[[ Extracted records open ]]
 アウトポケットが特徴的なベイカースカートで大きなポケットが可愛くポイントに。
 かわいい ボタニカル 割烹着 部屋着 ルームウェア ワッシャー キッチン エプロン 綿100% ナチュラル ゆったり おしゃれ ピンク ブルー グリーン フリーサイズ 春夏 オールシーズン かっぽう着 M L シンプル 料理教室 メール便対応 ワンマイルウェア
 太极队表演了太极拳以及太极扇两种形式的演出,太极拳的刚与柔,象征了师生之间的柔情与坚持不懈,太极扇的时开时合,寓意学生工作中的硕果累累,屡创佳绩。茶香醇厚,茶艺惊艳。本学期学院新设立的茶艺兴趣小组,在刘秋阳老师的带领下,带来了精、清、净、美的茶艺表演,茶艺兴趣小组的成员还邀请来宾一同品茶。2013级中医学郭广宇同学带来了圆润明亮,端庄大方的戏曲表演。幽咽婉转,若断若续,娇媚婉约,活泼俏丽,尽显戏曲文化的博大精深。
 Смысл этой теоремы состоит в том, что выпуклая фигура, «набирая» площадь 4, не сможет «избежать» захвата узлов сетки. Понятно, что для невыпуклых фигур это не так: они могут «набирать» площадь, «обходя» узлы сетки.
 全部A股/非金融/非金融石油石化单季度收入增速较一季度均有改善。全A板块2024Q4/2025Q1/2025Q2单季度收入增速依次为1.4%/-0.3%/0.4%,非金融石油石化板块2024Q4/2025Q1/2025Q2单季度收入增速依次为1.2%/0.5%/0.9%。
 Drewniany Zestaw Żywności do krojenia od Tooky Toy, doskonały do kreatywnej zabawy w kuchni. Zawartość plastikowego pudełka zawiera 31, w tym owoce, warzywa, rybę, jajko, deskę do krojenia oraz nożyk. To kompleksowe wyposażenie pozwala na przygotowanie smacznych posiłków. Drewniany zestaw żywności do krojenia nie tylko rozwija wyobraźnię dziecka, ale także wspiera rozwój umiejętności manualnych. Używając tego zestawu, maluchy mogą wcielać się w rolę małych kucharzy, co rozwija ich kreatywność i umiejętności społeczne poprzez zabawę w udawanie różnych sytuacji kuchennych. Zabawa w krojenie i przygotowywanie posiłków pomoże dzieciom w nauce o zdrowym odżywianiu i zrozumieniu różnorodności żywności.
[[ Extracted records closed ]]
[[ Extracted records open ]]
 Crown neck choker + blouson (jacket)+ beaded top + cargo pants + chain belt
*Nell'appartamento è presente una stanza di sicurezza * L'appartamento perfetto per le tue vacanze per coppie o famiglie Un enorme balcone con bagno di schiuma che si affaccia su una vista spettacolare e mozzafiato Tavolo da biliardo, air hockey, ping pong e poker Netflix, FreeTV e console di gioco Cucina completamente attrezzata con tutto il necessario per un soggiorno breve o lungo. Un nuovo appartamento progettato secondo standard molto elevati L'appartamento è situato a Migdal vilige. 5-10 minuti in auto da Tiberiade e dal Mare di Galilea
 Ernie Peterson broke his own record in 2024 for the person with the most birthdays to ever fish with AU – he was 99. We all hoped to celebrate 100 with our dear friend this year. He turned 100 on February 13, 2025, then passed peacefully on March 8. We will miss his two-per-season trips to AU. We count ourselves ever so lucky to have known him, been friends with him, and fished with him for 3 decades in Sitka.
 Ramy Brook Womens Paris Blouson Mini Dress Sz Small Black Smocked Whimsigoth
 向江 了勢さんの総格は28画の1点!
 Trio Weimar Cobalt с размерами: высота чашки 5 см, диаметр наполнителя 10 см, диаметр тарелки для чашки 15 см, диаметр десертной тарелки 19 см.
[[ Extracted records closed ]]
Only the lines above from the one with "かわいい ボタニカル 割烹着" through the one with "Drewniany Zestaw Żywności do krojenia od" should be duplicated, character for character.

 かわいい ボタニカル 割烹着 部屋着 ルームウェア ワッシャー キッチン エプロン 綿100% ナチュラル ゆったり おしゃれ ピンク ブルー グリーン フリーサイズ 春夏 オールシーズン かっぽう着 M L シンプル 料理教室 メール便対応 ワンマイルウェア
 太极队表演了太极拳以及太极扇两种形式的演出,太极拳的刚与柔,象征了师生之间的柔情与坚持不懈,太极扇的时开时合,寓意学生工作中的硕果累累,屡创佳绩。茶香醇厚,茶艺惊艳。本学期学院新设立的茶艺兴趣小组,在刘秋阳老师的带领下,带来了精、清、净、美的茶艺表演,茶艺兴趣小组的成员还邀请来宾一同品茶。2013级中医学郭广宇同学带来了圆润明亮,端庄大方的戏曲表演。幽咽婉转,若断若续,娇媚婉约,活泼俏丽,尽显戏曲文化的博大精深。
 Смысл этой теоремы состоит в том, что выпуклая фигура, «набирая» площадь 4, не сможет «избежать» захвата узлов сетки. Понятно, что для невыпуклых фигур это не так: они могут «набирать» площадь, «обходя» узлы сетки.
 全部A股/非金融/非金融石油石化单季度收入增速较一季度均有改善。全A板块2024Q4/2025Q1/2025Q2单季度收入增速依次为1.4%/-0.3%/0.4%,非金融石油石化板块2024Q4/2025Q1/2025Q2单季度收入增速依次为1.2%/0.5%/0.9%。
 Drewniany Zestaw Żywności do krojenia od Tooky Toy, doskonały do kreatywnej zabawy w kuchni. Zawartość plastikowego pudełka zawiera 31, w tym owoce, warzywa, rybę, jajko, deskę do krojenia oraz nożyk. To kompleksowe wyposażenie pozwala na przygotowanie smacznych posiłków. Drewniany zestaw żywności do krojenia nie tylko rozwija wyobraźnię dziecka, ale także wspiera rozwój umiejętności manualnych. Używając tego zestawu, maluchy mogą wcielać się w rolę małych kucharzy, co rozwija ich kreatywność i umiejętności społeczne poprzez zabawę w udawanie różnych sytuacji kuchennych. Zabawa w krojenie i przygotowywanie posiłków pomoże dzieciom w nauce o zdrowym odżywianiu i zrozumieniu różnorodności żywności.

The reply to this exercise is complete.